Ich würde im dekompilierten Code die main Methode raussuchen (die ja nicht obfuscated ist) einen AWT Event Listener platzieren und einen Conditional Breakpoint setzen der auf die Beschriftung oder den Tooltip des Buttons reagiert. In der Methode muss nun irgendwo der Schalter abgefragt werden (egal wie der Schalter oder die Methode nach der obfuskierung heißt). Wenn ich den Schalter habe, bin ich fertig und habe dafür keine 5 Minuten gebraucht.

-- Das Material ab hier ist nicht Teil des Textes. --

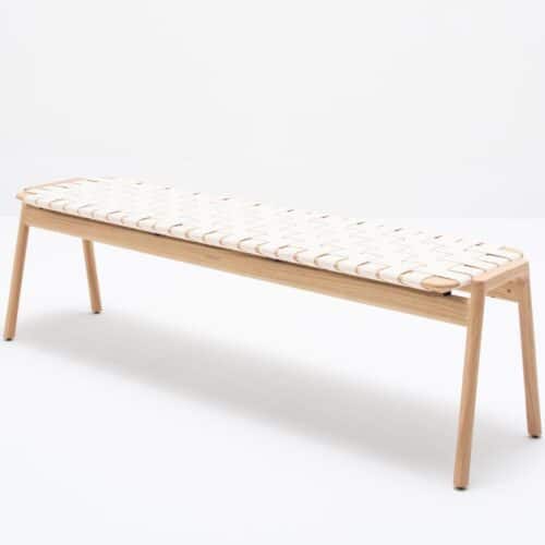 Klupa bänk finns i längd 120cm eller 160cm. Välj mellan vitoljad ek eller naturoljad ek samt bomullsband i vitt eller svart.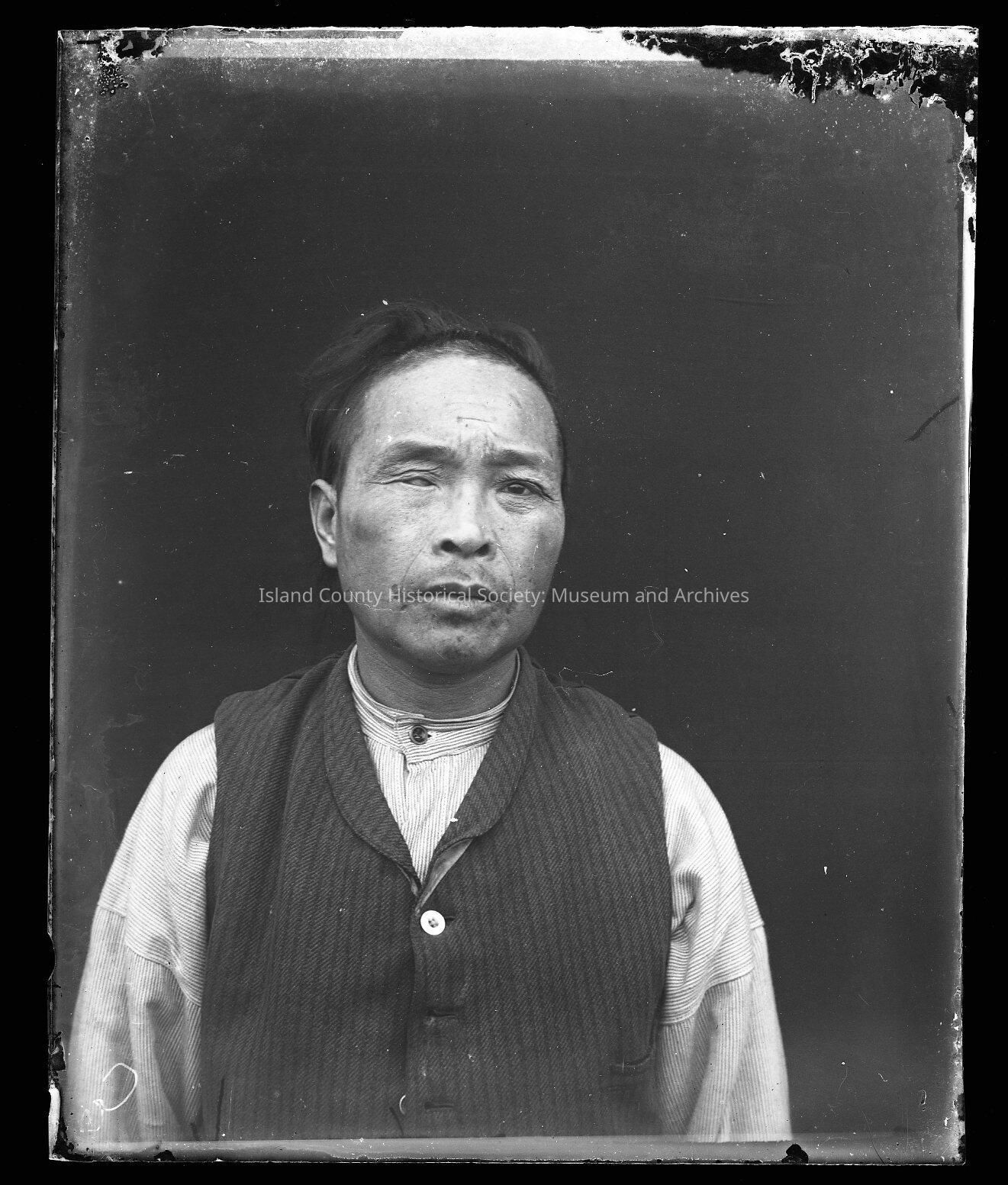 Photo of probably an Asian man, wearing a short collared shirt and vest. He has a cataract or is blind in his right eye.Made/Created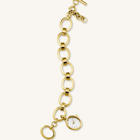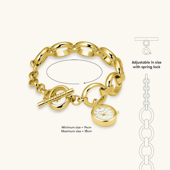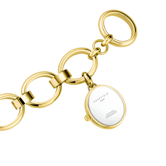 The Oval Charm Chain SWGSG-OV13 er udstyret med en sølv urskive, en urkasse i rustfrit stål og en rem i rustfrit stål.

Bei euch mag das etwas anders aussehen und funktionieren, aber die meisten Tricks lassen sich schnell aushebeln.



> In der Demo-Version fehlt auch ein wichtiges Modul, ohne das kann man die Software quasi normal benutzen, aber mit den gewonnenen Daten nix anfangen (bzw. diese nicht speichern). Man könnte diesen Teil natürlich nachprogrammieren, aber all das zusammen traue ich dem Kunden wirklich nicht zu


Das ist IMO der bessere Schutz.


----------



## JanHH (9. Jun 2011)

Wie macht man es denn "richtig"?

Mir ist auch klar dass man da nicht 100%ig schützen kann, aber besser so als gar nicht.. Wie gesagt, eine wichtige Klasse komplett entfernt, den Rest per Obfuscator geschützt.


----------



## maki (9. Jun 2011)

JanHH hat gesagt.:


> Wie macht man es denn "richtig"?


IMHO gar nicht, egal welche Sprache, man kann alles dekompilieren, nur eine Frage des Aufwandes.



JanHH hat gesagt.:


> Mir ist auch klar dass man da nicht 100%ig schützen kann, aber besser so als gar nicht.. Wie gesagt, eine wichtige Klasse komplett entfernt, den Rest per Obfuscator geschützt.

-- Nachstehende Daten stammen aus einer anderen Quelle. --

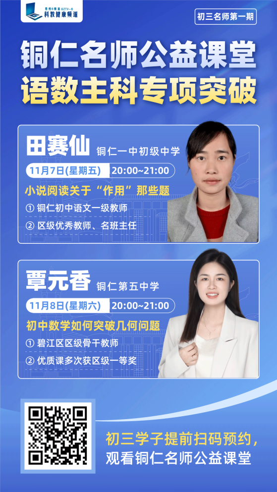 期中复习关键期已至,本周特邀铜仁一中初级中学、铜仁五中两位名师,聚焦语文、数学核心难点,为初三学子量身定制提分攻略!全市中考学子务必锁定直播间,高效备战期中!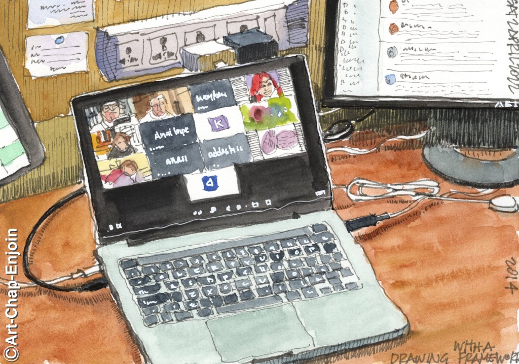 Yesterday I joined a #UskPh on line learning session on how to draw large, complicated urban and architectural scenes – run by Janeil Arlegui. While I was listening and watching, I sketched this. I have been sketching for years and usually start from the middle of what I want to capture and work my way outwards. However I am always open to a new approach – and next sketch I will try using a framework to sketch a bigger scene.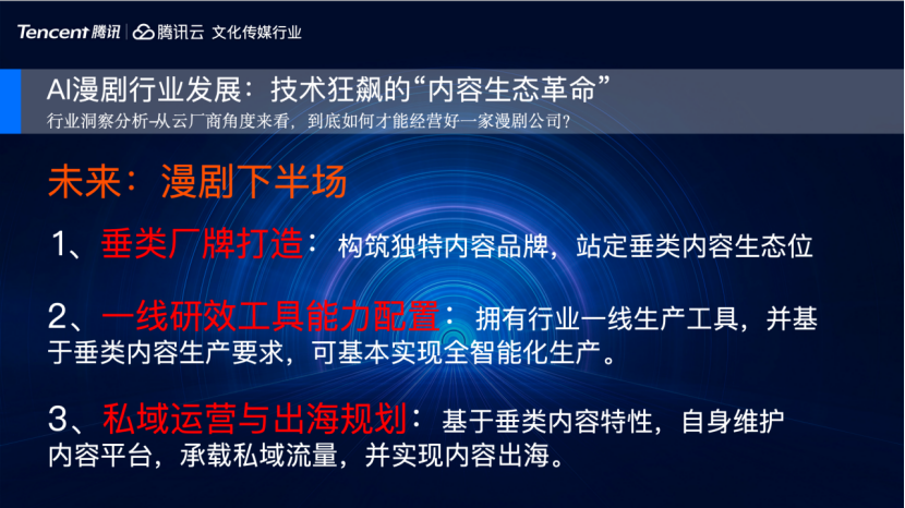 第三,做好私域运营与出海规划。基于垂类内容特性,维护好内容平台,承载好私域流量,最终能以高品质内容实现内容出海,这也是历史上我们互联网行业和泛内容行业一直在做的事。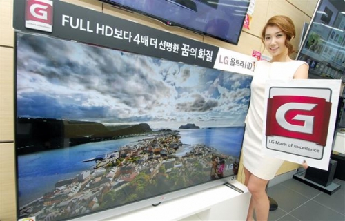 ▲G전자가 'G프로젝트' 인증을 전 제품으로 대상을 확대하며 시장 선도 기업 이미지 강화에 나섰다. 사진은 'G프로젝트'에 새로이 선정된 55인치 UHD TV. 사진제공 LG전자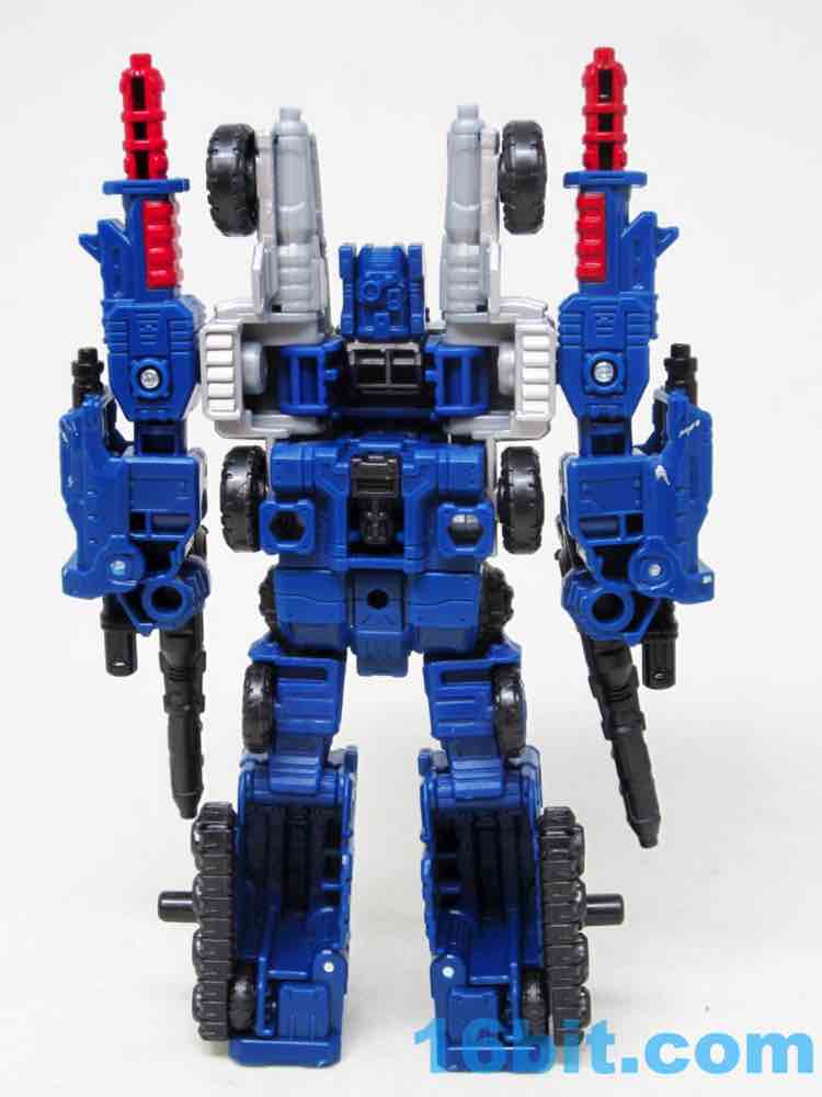 Transformation from robot to the combined vehicle mode is some of the least interesting we've ever seen at this scale or price point. Pop out the arms, plug them into the chest. Plug the guns into the shins. Rotate the robot head back. You're done. A few more twists and turns are needed to make the various armor configurations or the two mini-vehicles, but it's not exactly involved. In any sense, to get Hasbro's modes you would need to consult the instructions because it's kind of a "mode because I say it is" not unlike some of the more peculiar third modes of the late 1990s Beast era. It's not something your instincts would discover, necessarily.

Komplexität an sich ist auch schon ein sehr wirksamer Schutz, und wenn man Dummy Module ausliefert bzw. wichtige weglässt, muss man sich weniger sorgen machen.


----------



## Empire Phoenix (9. Jun 2011)

Wirklich sicher?
Hm als webapplication mit login beispielsweise (die auf einem eigenen Server läuft), da der kunde nur die Gui und exchangeobjects sieht kann er nie die logic daraus gewinnen. Aber das lohnt denke ich nur in ausnahmefällen, da massiver aufwand und die meisten Kunden deme her abgeneigt sind.


----------